Иногда она, в буйном своем пиршестве, вдруг повелевала звонить в колокола:

— Ударить в колокола! Звонить! Звонить! Звонить!

Рой отшельниц, спотыкаясь и попирая друг друга, спешил исполнить ее веленье, и раздавался на всю окрестность торжественный благовест.

Находящиеся в обители богомольцы выскакивали из гостиницы, стремились к храму и, изумленные, останавливались перед замкнутыми его дверями, вопрошали проходящих сестер и матерей:

— Чего это благовестят? Какая служба?

— От его высокопреосвященства приказ такой, — отвечали сестры и матери: — святой явился.

— Где же это? где?

Сестры и матери по вдохновению называли ту или другую местность и спешили скрыться.

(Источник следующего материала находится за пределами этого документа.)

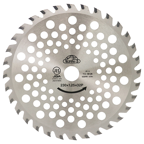 外径:230mm 刃数:32P 刃厚:2.0mm 台金厚:1.25mm 穴径:25.4mm 25cc未満刈払機推奨 JIS規格適合商品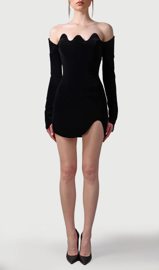 Velvet Mini Dress With Waves Neckline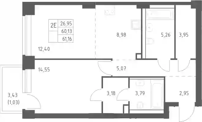 54 518 903 ₽3-к.квартира, 61.03 м², 9 эт.
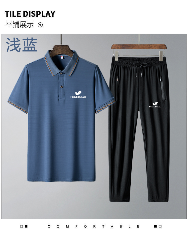 Phong phú chim bộ đồ thể thao nam giới trung niên và cao tuổi mùa hè băng lụa nhanh khô ve áo ngắn tay áo thun bố mùa hè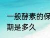 1、一般酵素的保质期有两年左右。2、酵素是由活细胞产生的具有催化活性和高度选择性的特殊蛋白质。按其组成的不同,将酶分成单纯蛋白质和 ....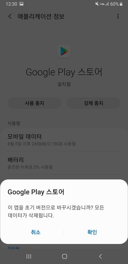 ▲업데이트 삭제 메뉴를 선택 후 앱을 초기 버전으로 바꿀 건지 묻는 창이 뜨면 확인을 터치합니다.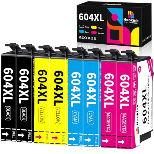 Hookink 8er-Pack 604XL 604 Druckerpatronen Kompatibel für Epson 604XL Patronen für Expression Home XP-3200 XP-3205 XP-4200 XP-4205 XP-2200 XP-2205, Workforce WF-2910 WF-2930 WF-2935 WF-2950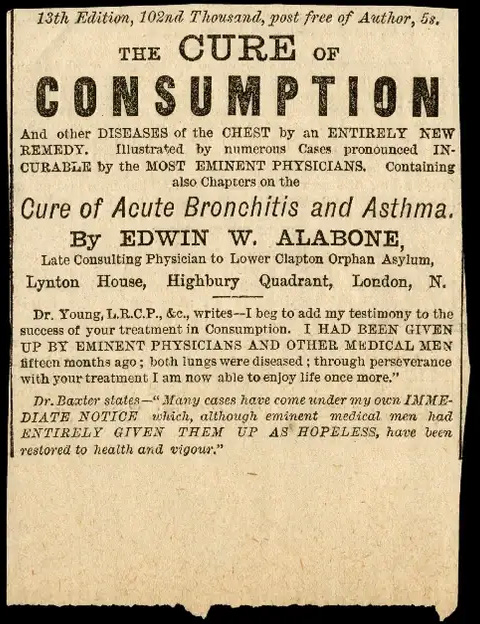 O termo “consumação” era usado principalmente nos séculos XVIII e XIX para se referir à tuberculose, e não é mais utilizado. O fato de ela usar essa palavra estranha e completamente antiquada sugere que ela não é uma humana normal. Em vez disso, ela é um receptáculo para uma antiga força sobrenatural. Anúncio de um livro de medicina do século XIX intitulado “A Cura da Consumação”.

Наконец утренняя трапеза оканчивалась тем, что мать игуменья была уносима в покои на громадном убрусе отрядом отшельниц, а патрон мой или засыпал тут же, у пиршественного стола, или же другой отряд отшельниц, завернув его в другой убрус таких же размеров, тащил его на приуготовленное ему ложе под алым балдахином, где он и пребывал долгие часы в бесчувственном почти состоянии.

При пробуждении его ожидала купелеподобная кружка какого-то темного напитка, именуемого матерью Секлетеею «живчик», и сонм избранных по красоте отшельниц, который с умильными улыбками и телодвижениями подносил ему, еще возлежащему и потягивающемуся, различные сладкие варенья, смоквы и сушенья.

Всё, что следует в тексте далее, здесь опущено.